Considérant ce qui suit :
Aux termes de l’article L. 521-2 du code de justice administrative : « Saisi d’une demande en ce sens justifiée par l’urgence, le juge des référés peut ordonner toutes mesures nécessaires à la sauvegarde d’une liberté fondamentale à laquelle une personne morale de droit public ou un organisme de droit privé chargé de la gestion d’un service public aurait porté, dans l’exercice d’un de ses pouvoirs, une atteinte grave et manifestement illégale. Le juge des référés se prononce dans un délai de quarante-huit heures ». Aux termes du premier alinéa de l’article R. 522-1 de ce code : « La requête visant au prononcé de mesures d’urgence doit (…) justifier de l’urgence de l’affaire ». En vertu de l’article L. 522-3 du même code, le juge des référés peut, par une ordonnance motivée, rejeter une requête sans instruction ni audience lorsque la condition d’urgence n’est pas remplie ou lorsqu’il apparaît manifeste, au vu de la demande, que celle-ci ne relève pas de la compétence de la juridiction administrative, qu’elle est irrecevable ou qu’elle est mal fondée.

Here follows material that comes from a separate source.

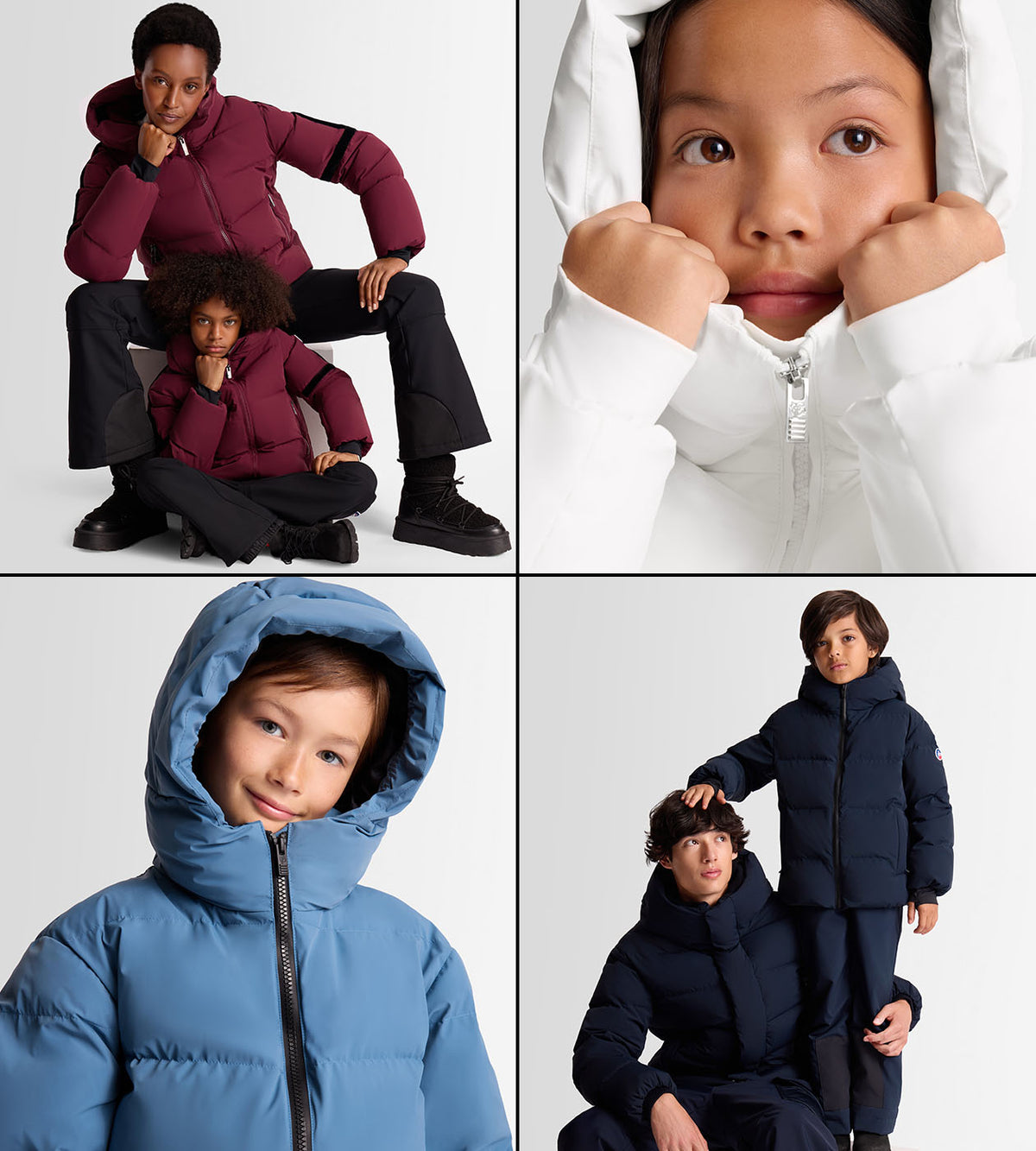 Ski jackets, down jackets, light jackets, and ski pants : as technical as they are refined, for unforgettable family moments.

Par une décision du 7 janvier 2026, le président du conseil départemental du Loiret a prononcé la suspension de l’agrément d’assistante maternelle de Mme A… pour une durée de quatre mois à la suite d’une information, dont il a été destinataire le 6 janvier 2026 portant sur des « faits graves mettant en cause un membre de la famille ». Mme A… demande à la juge des référés, sur le fondement de l’article L. 521-2 du code de justice administrative, de suspendre l’exécution de cette décision ou à tout le moins d’enjoindre au président du conseil départemental du Loiret de réexaminer sa situation, et dans tous les cas, de lui enjoindre d’autoriser sans délai la reprise de l’accueil des enfants.
Le requérant qui saisit le juge des référés sur le fondement des dispositions de l’article L. 521-2 du code de justice administrative doit justifier des circonstances particulières caractérisant la nécessité pour lui de bénéficier à très bref délai d’une mesure de la nature de celles qui peuvent être ordonnées sur le fondement de cet article.
En l’espèce, Mme A… soutient qu’elle tire l’essentiel de ses revenus de son activité d’assistante maternelle et que la décision prononçant la suspension de son agrément la prive soudainement de ressources indispensables pour subvenir aux besoins essentiels de sa famille, et ce pour une durée manifestement disproportionnée. Toutefois, la requérante, qui ne produit à l’appui de ses écritures que des témoignages d’anciens employeurs et un avis d’impôt sur les revenus de 2024 sans apporter la moindre précision quant aux contrats éventuellement en cours à la date de la décision litigieuse, ne justifie pas de circonstances particulières qui caractériseraient la nécessité du prononcé à très bref délai d’une mesure provisoire en référé sur le fondement de l’article L. 521-2 du code de justice administrative.
Il résulte de ce qui précède que la requête de Mme A… doit être rejetée en toutes ses conclusions, y compris celles présentées au titre des frais liés au litige.
O R D O N N E :
Article 1er : La requête de Mme A… est rejetée.
Article 2 : La présente ordonnance sera notifiée à Mme B… A….
Copie en sera adressée pour information au département du Loiret.
Fait à Orléans, le 19 janvier 2026.
La juge des référés,
Sophie LESIEUX
La République mande et ordonne à la préfète du Loiret en ce qui la concerne ou à tous commissaires de justice à ce requis en ce qui concerne les voies de droit commun, contre les parties privées, de pourvoir à l’exécution de la présente décision.